Every line of the material must be restated exactly, though not its pictures.
Available data Start Marker
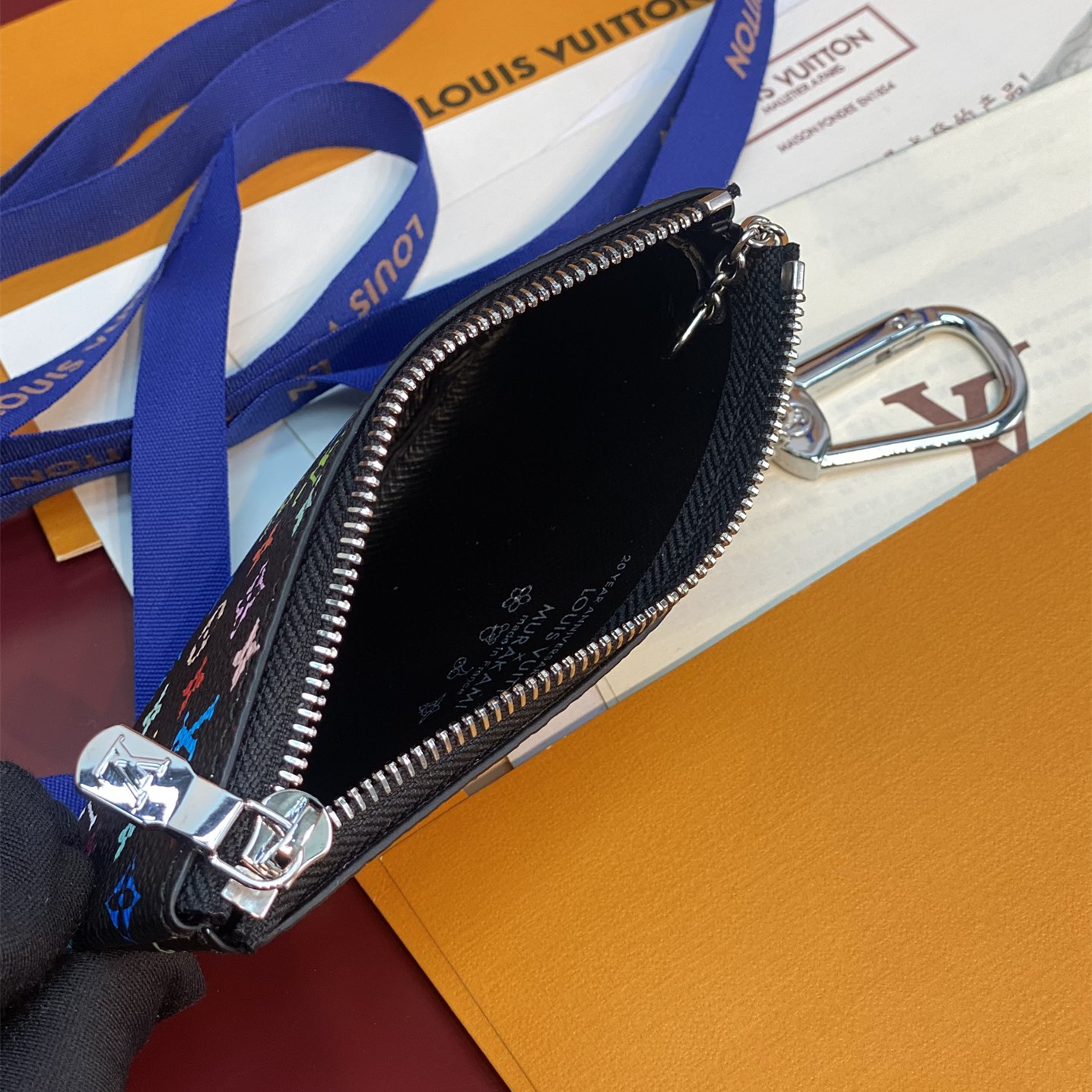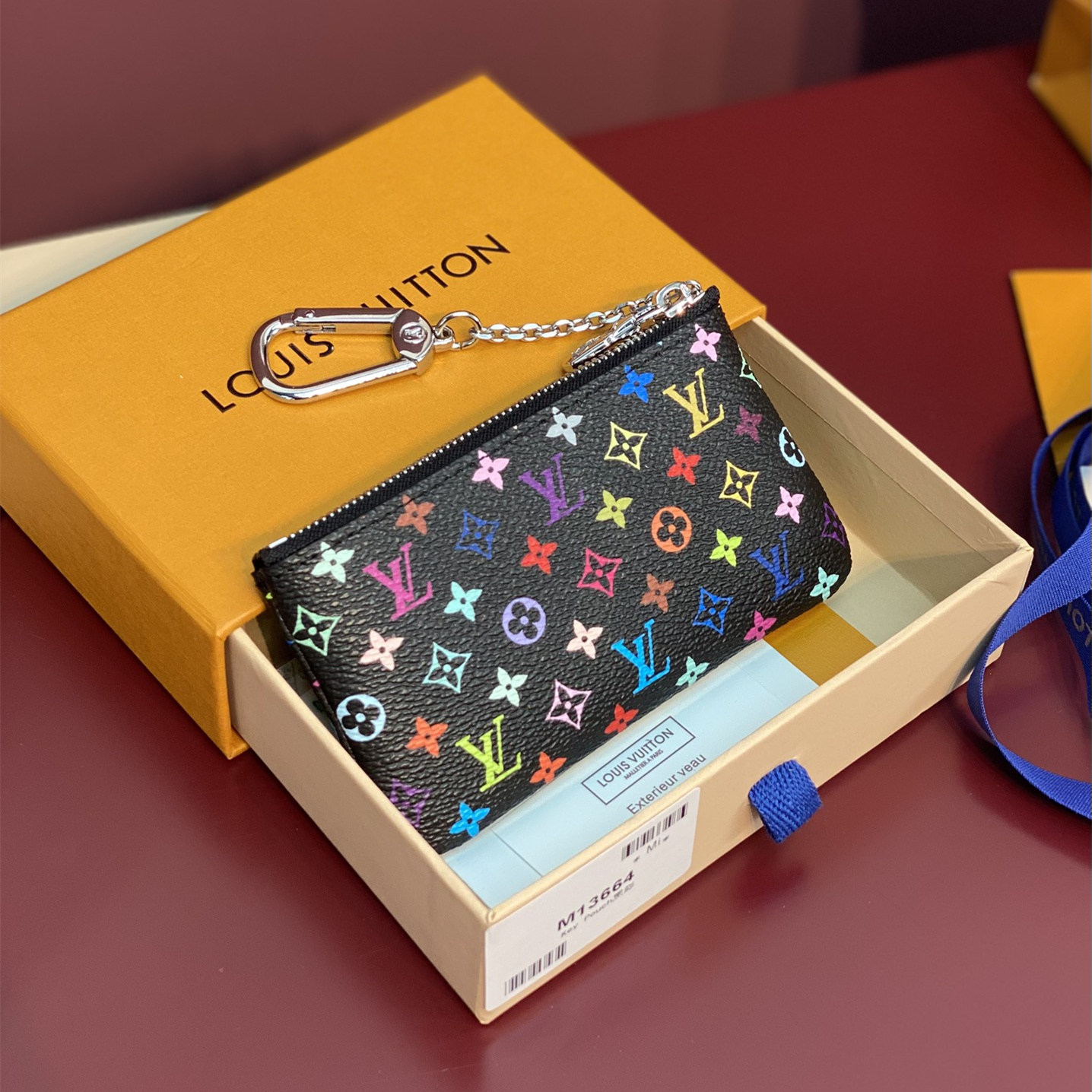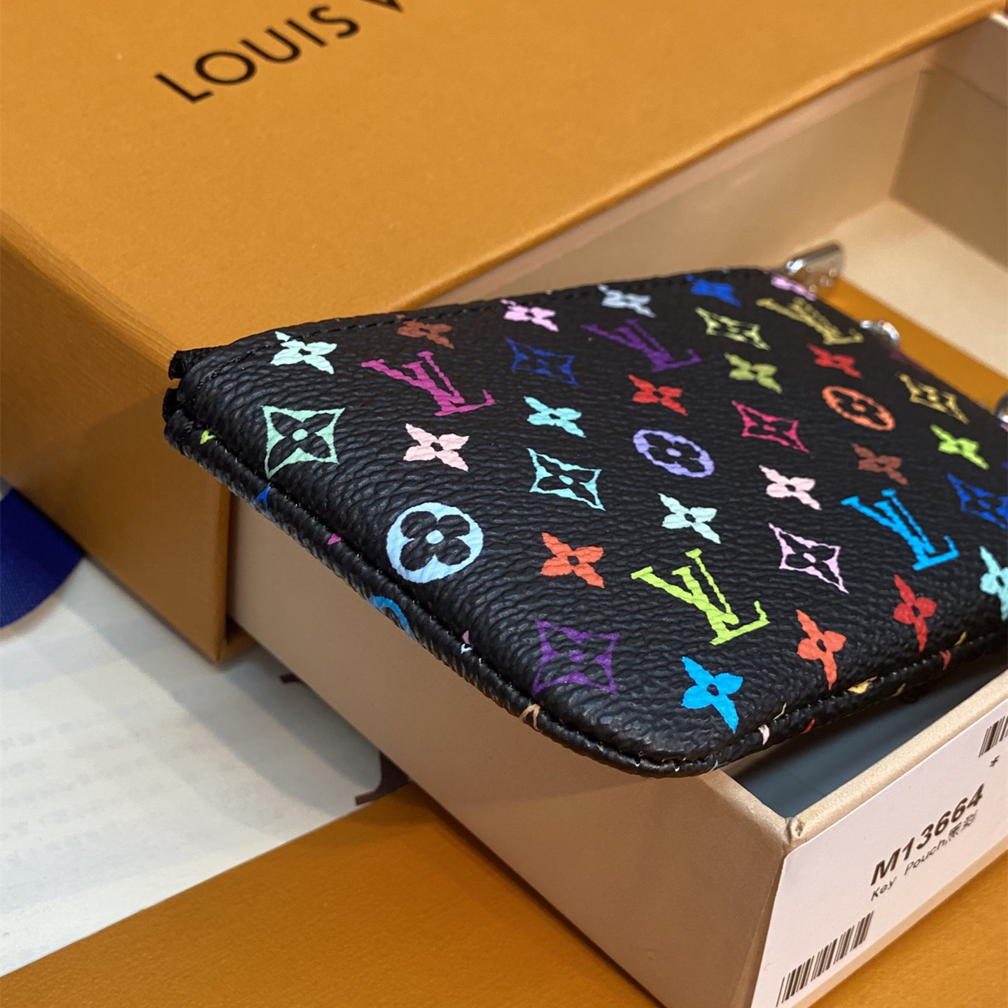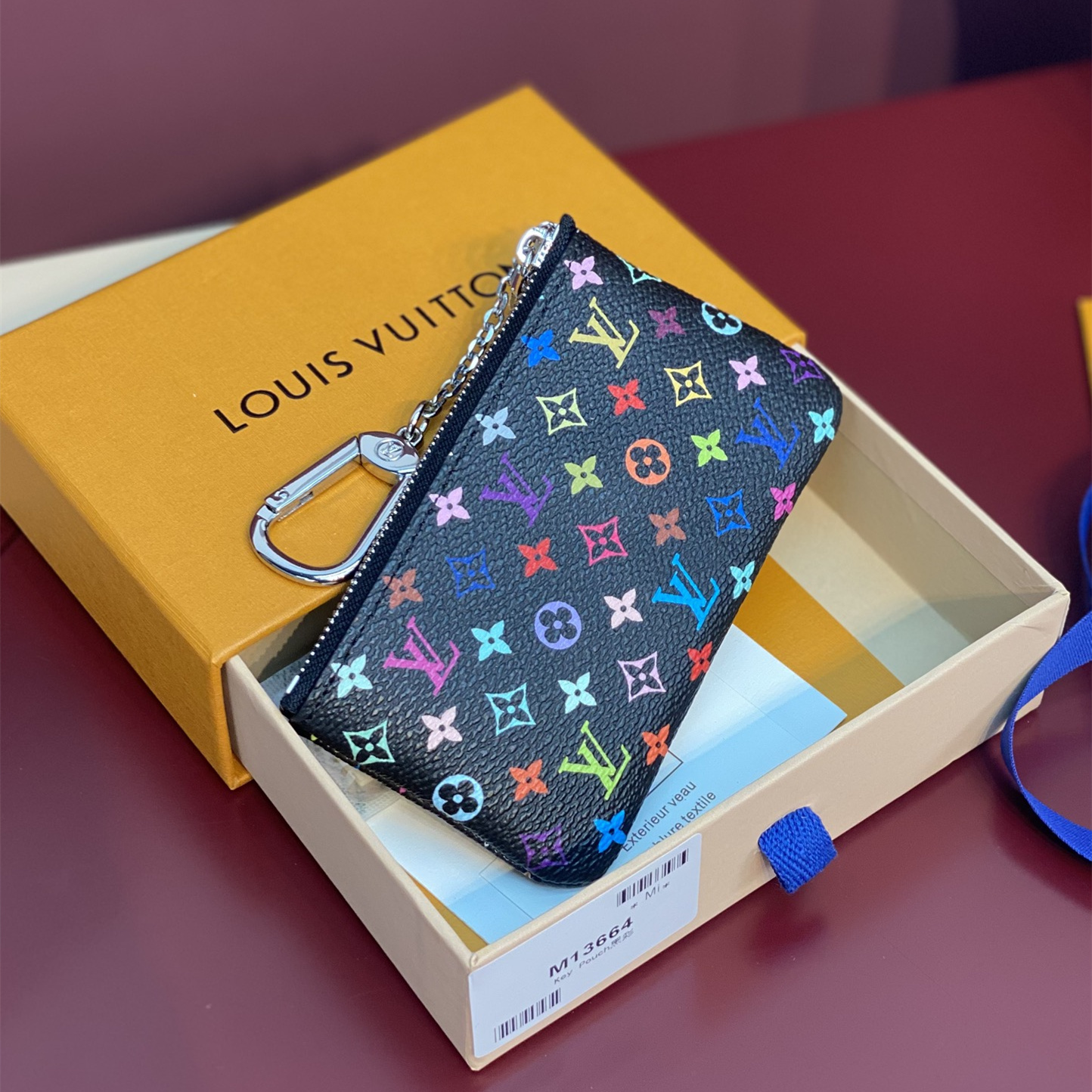 Murakami系列的鑰匙零錢包M13664黑三彩繽紛絢麗,採用塗層帆布製成,充滿活力的標誌性Monogram圖案以日本藝術家村上隆的主題彩虹色調將品牌標誌重新演譯.鑰匙零錢包設有銀色拉鏈,並備有鏈帶及鉤扣,可穩妥存放鑰匙.
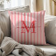 Add a soft, stylish touch to your home with this elegant personalized pillow. Featuring a red and white striped background, this decorative cushion is customized with your monogram initial and name in a fancy script font, creating a timeless and feminine look.
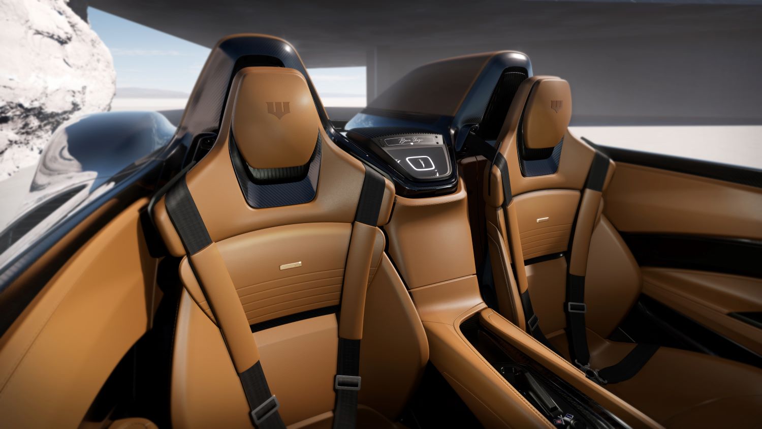 The interiors of the Battista Gotham offer a sense of peaceful luxury, with seats enveloped with fine Tan leather with unique quilting and Tan stitching. An expansive curved glass roof fills the large cabin with light, providing an elevated, harmonious feeling.
Available data End Marker
### Solution to this problem
 Murakami系列的鑰匙零錢包M13664黑三彩繽紛絢麗,採用塗層帆布製成,充滿活力的標誌性Monogram圖案以日本藝術家村上隆的主題彩虹色調將品牌標誌重新演譯.鑰匙零錢包設有銀色拉鏈,並備有鏈帶及鉤扣,可穩妥存放鑰匙.
 Add a soft, stylish touch to your home with this elegant personalized pillow. Featuring a red and white striped background, this decorative cushion is customized with your monogram initial and name in a fancy script font, creating a timeless and feminine look.
 The interiors of the Battista Gotham offer a sense of peaceful luxury, with seats enveloped with fine Tan leather with unique quilting and Tan stitching. An expansive curved glass roof fills the large cabin with light, providing an elevated, harmonious feeling.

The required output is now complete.